*TASK ITEM*
The lines in the listing below are to be given again exactly, starting at the line holding "Universities and their" and ending at the line holding "阳光洒进大落地窗,在客厅尽享庭院美景;". Do not include pictures.

*RECORDS SUPPLIED*
────

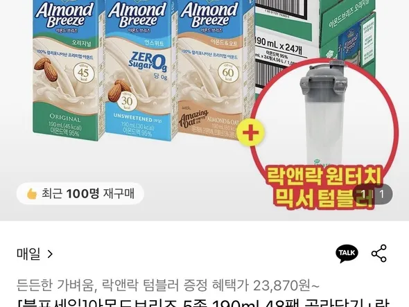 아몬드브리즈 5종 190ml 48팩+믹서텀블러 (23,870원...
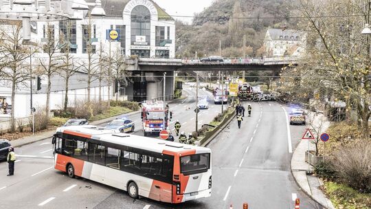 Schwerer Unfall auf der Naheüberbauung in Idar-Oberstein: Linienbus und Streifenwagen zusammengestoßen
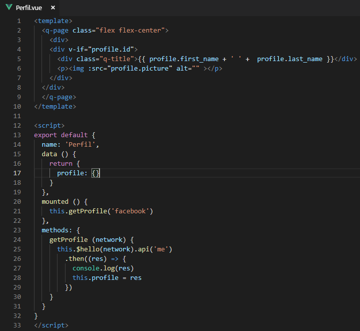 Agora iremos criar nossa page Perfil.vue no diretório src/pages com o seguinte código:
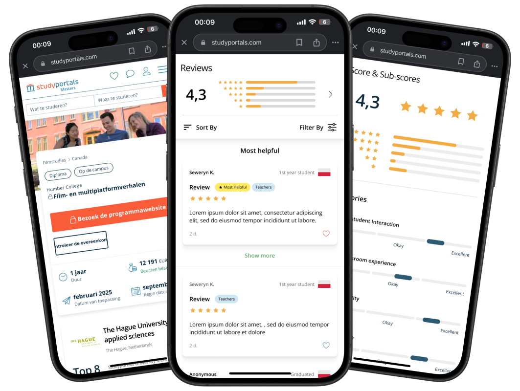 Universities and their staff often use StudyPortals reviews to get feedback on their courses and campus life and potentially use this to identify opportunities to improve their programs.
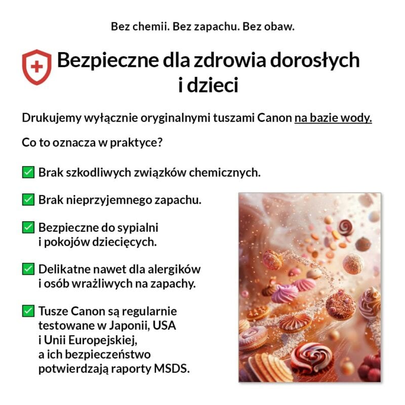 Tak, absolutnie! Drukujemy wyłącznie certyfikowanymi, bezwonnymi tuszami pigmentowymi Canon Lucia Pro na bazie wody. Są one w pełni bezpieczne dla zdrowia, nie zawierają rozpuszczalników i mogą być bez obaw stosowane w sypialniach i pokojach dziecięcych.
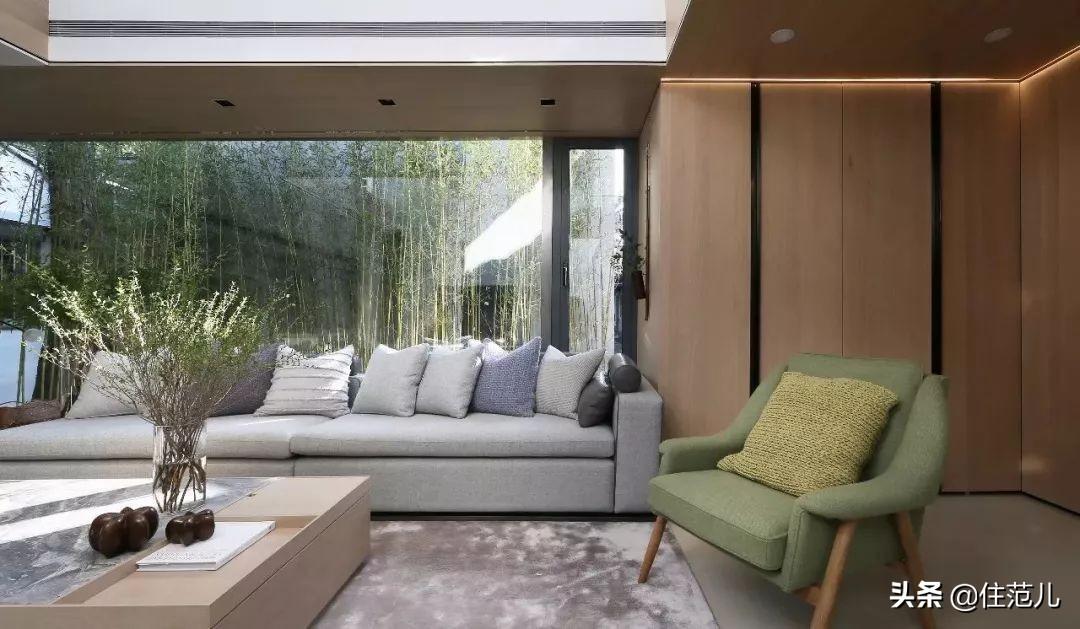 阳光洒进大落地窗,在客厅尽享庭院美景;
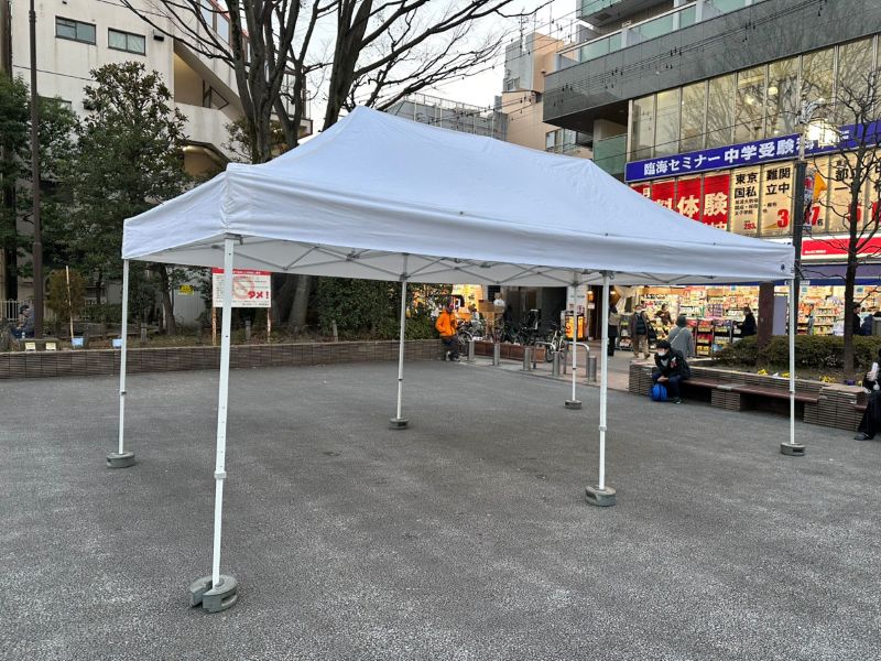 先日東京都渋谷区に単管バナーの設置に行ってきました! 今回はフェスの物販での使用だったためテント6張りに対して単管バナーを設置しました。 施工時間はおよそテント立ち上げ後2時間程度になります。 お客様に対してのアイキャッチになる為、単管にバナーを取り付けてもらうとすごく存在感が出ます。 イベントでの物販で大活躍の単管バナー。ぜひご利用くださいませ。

────

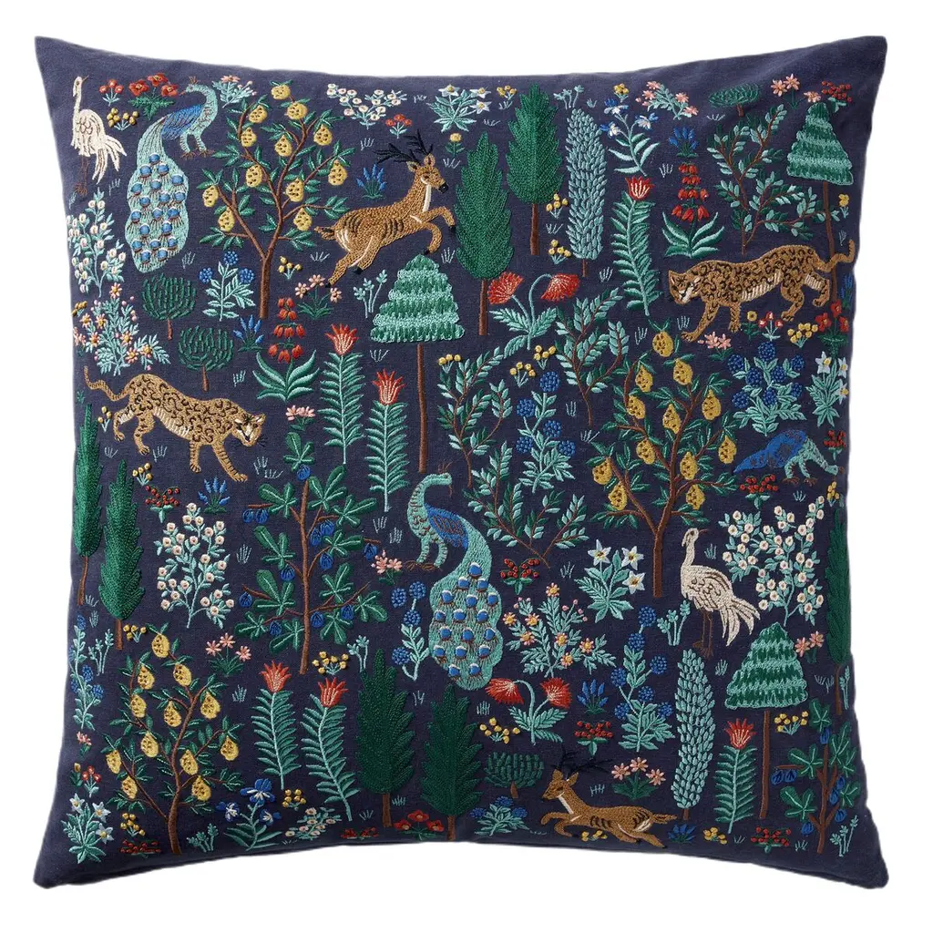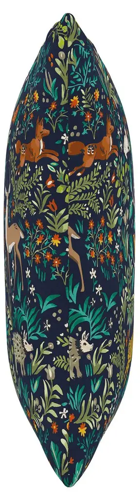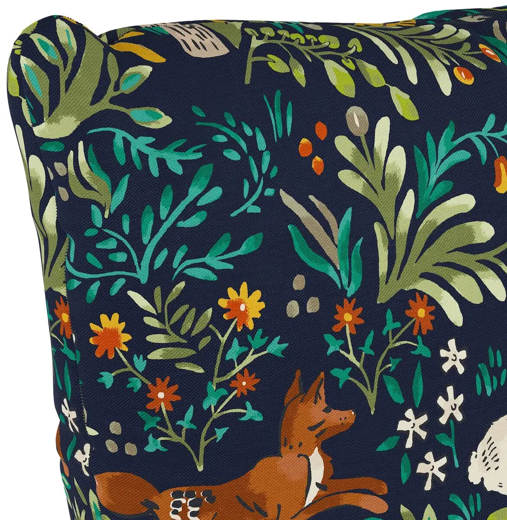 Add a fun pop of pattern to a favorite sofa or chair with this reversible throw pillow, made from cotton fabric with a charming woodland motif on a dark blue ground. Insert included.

────

*COMPLETED EXERCISE*
 Universities and their staff often use StudyPortals reviews to get feedback on their courses and campus life and potentially use this to identify opportunities to improve their programs.
 Tak, absolutnie! Drukujemy wyłącznie certyfikowanymi, bezwonnymi tuszami pigmentowymi Canon Lucia Pro na bazie wody. Są one w pełni bezpieczne dla zdrowia, nie zawierają rozpuszczalników i mogą być bez obaw stosowane w sypialniach i pokojach dziecięcych.
 阳光洒进大落地窗,在客厅尽享庭院美景;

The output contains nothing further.